------ Input data ------
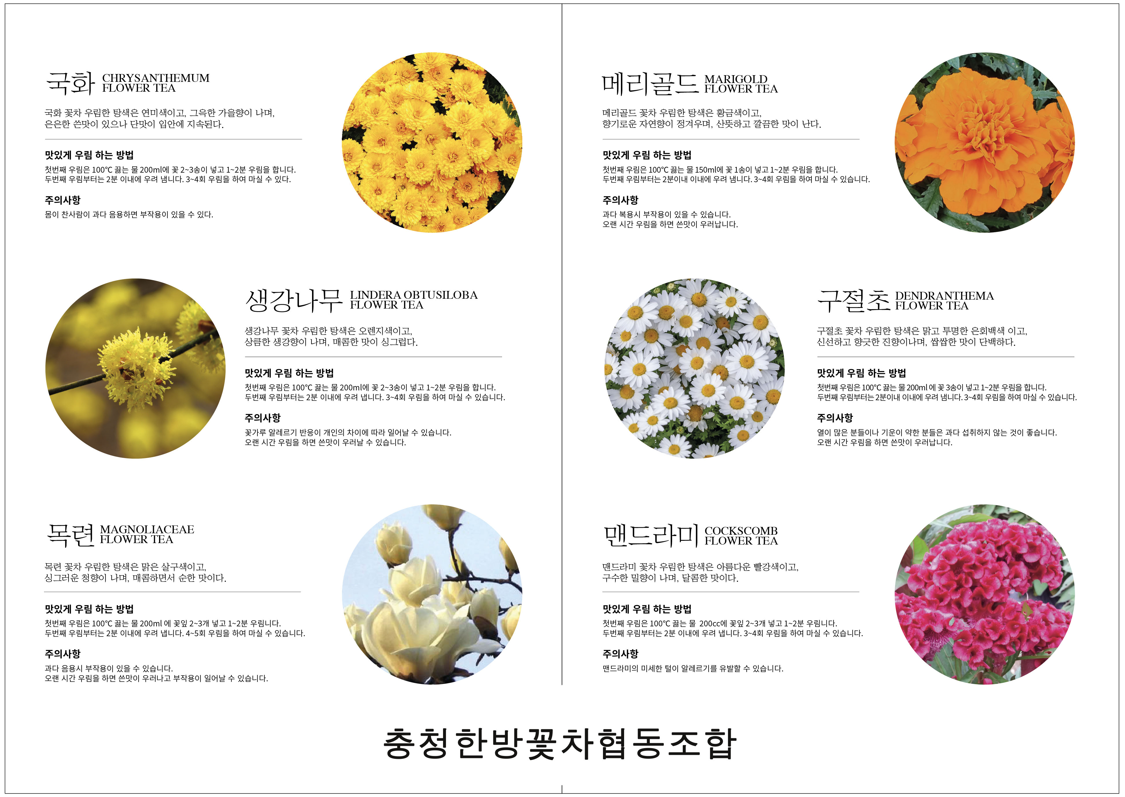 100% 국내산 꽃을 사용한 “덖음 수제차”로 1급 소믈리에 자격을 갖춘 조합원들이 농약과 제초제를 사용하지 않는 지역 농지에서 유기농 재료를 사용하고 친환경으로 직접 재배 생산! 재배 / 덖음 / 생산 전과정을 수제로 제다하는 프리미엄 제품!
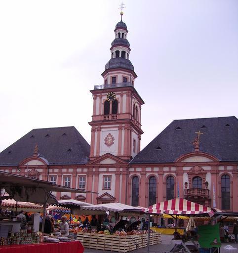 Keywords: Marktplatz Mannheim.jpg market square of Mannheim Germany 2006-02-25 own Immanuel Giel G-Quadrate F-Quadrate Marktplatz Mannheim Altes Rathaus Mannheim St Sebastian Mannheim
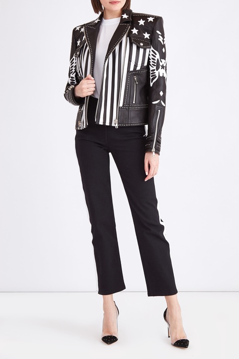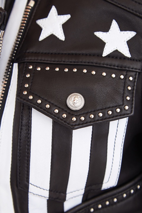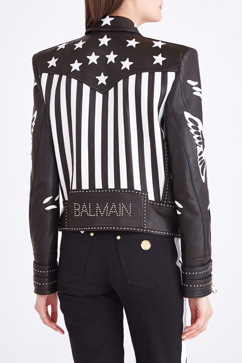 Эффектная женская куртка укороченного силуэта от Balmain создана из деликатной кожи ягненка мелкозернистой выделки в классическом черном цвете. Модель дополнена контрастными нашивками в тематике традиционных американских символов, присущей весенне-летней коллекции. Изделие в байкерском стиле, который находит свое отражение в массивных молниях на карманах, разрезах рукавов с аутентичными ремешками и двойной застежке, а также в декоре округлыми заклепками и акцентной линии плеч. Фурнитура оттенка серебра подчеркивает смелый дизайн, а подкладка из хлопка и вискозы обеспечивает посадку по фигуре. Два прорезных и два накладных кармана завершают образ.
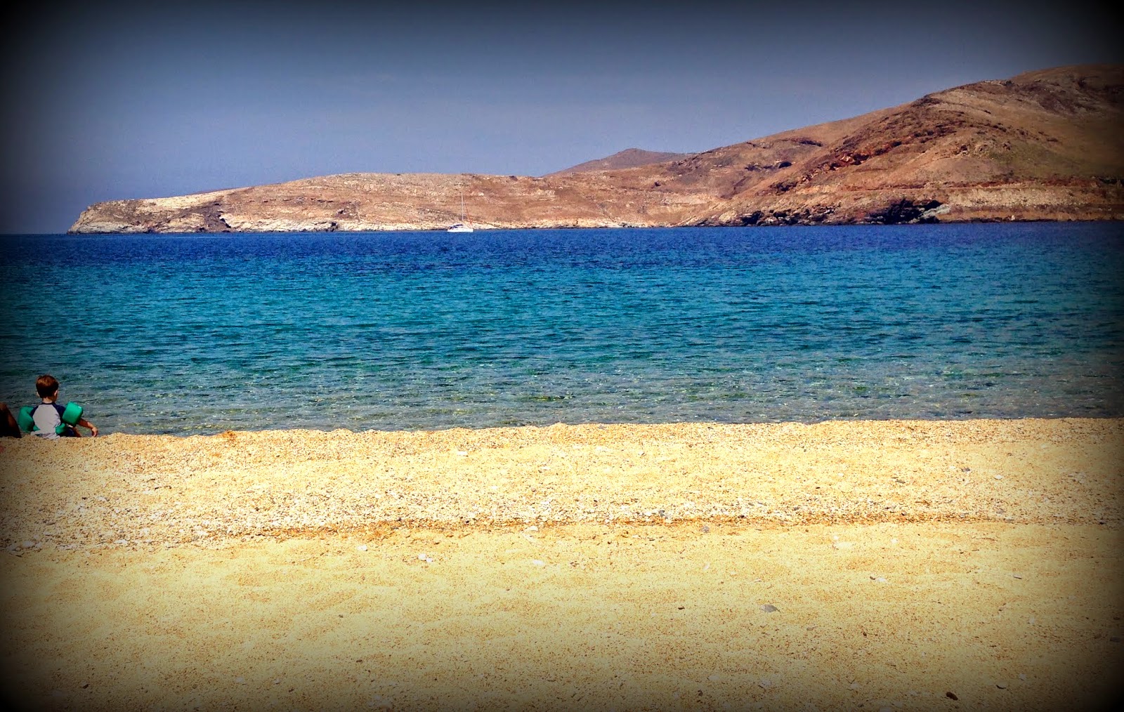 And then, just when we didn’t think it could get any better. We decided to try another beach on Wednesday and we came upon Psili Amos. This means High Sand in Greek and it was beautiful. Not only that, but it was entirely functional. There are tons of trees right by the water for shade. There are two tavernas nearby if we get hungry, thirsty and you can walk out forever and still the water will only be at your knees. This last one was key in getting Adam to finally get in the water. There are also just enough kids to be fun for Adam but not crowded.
------
### Task objective
With the pictures left out, restate word for word every line of the data above, from the first down to the line that contains "Keywords: Marktplatz Mannheim.jpg".

### Response area
 100% 국내산 꽃을 사용한 “덖음 수제차”로 1급 소믈리에 자격을 갖춘 조합원들이 농약과 제초제를 사용하지 않는 지역 농지에서 유기농 재료를 사용하고 친환경으로 직접 재배 생산! 재배 / 덖음 / 생산 전과정을 수제로 제다하는 프리미엄 제품!
 Keywords: Marktplatz Mannheim.jpg market square of Mannheim Germany 2006-02-25 own Immanuel Giel G-Quadrate F-Quadrate Marktplatz Mannheim Altes Rathaus Mannheim St Sebastian Mannheim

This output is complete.